[Opening DATA RECORDS section]
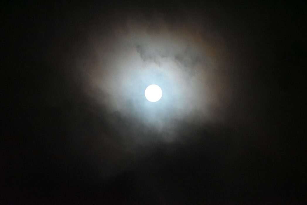 Ik hoorde al een paar dagen dat er deze week een supermaan te zien was. Fotograferen doe ik hem nooit want heb niet het geduld om mijn camera in te stellen, maar ik keek wel even of ik de supermaan zag. Het was uiteraard bewolkt want dat is het altijd met dat soort dingen. Maar door de bewolking heen zag ik iets wat me nooit eerder opgevallen is, het leek wel blauw om de maan heen.
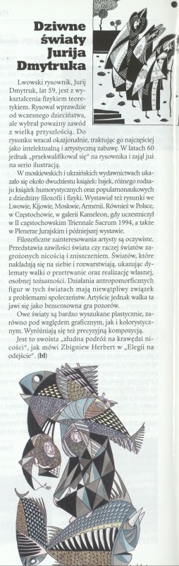 Archiwum / Kultura nr specjalny 32/1996 113565/123969 Podziel się Tytuł Dziwne światy Jurija Dmytruka Kategoria Kultura Artykuł z numeru nr specjalny 32/1996 Data wydania 11 sierpnia 1996 Tagi rysownik Jurij Dmytruk
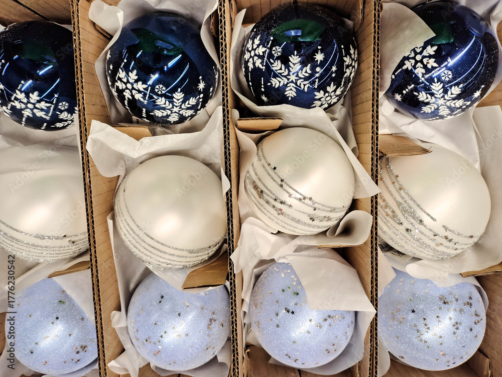 Christmas decorations, colorful glass baubles for the Christmas tree.
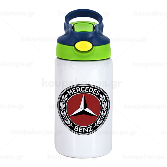 Mercedes vintage, Children's hot water bottle, stainless steel, with safety straw, green, blue (350ml)
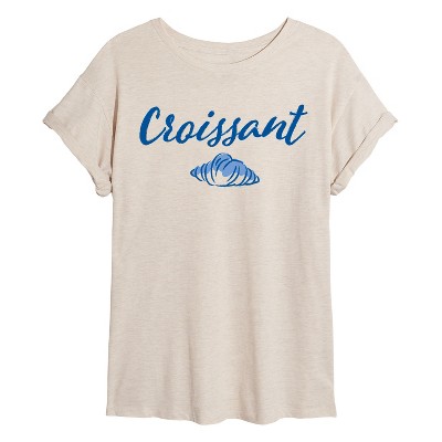 Women's Instant Message Champagne and French Fries Oversized Graphic T-Shirt - Birch - Small
[Closing DATA RECORDS section]
-- WHAT TO PRODUCE --
When you reach the line containing "Christmas decorations, colorful" in the records above, write out that line and every line after it through the end, exactly, but omit the pictures.

-- ANSWER FOR THE TASK --
 Christmas decorations, colorful glass baubles for the Christmas tree.
 Mercedes vintage, Children's hot water bottle, stainless steel, with safety straw, green, blue (350ml)
 Women's Instant Message Champagne and French Fries Oversized Graphic T-Shirt - Birch - Small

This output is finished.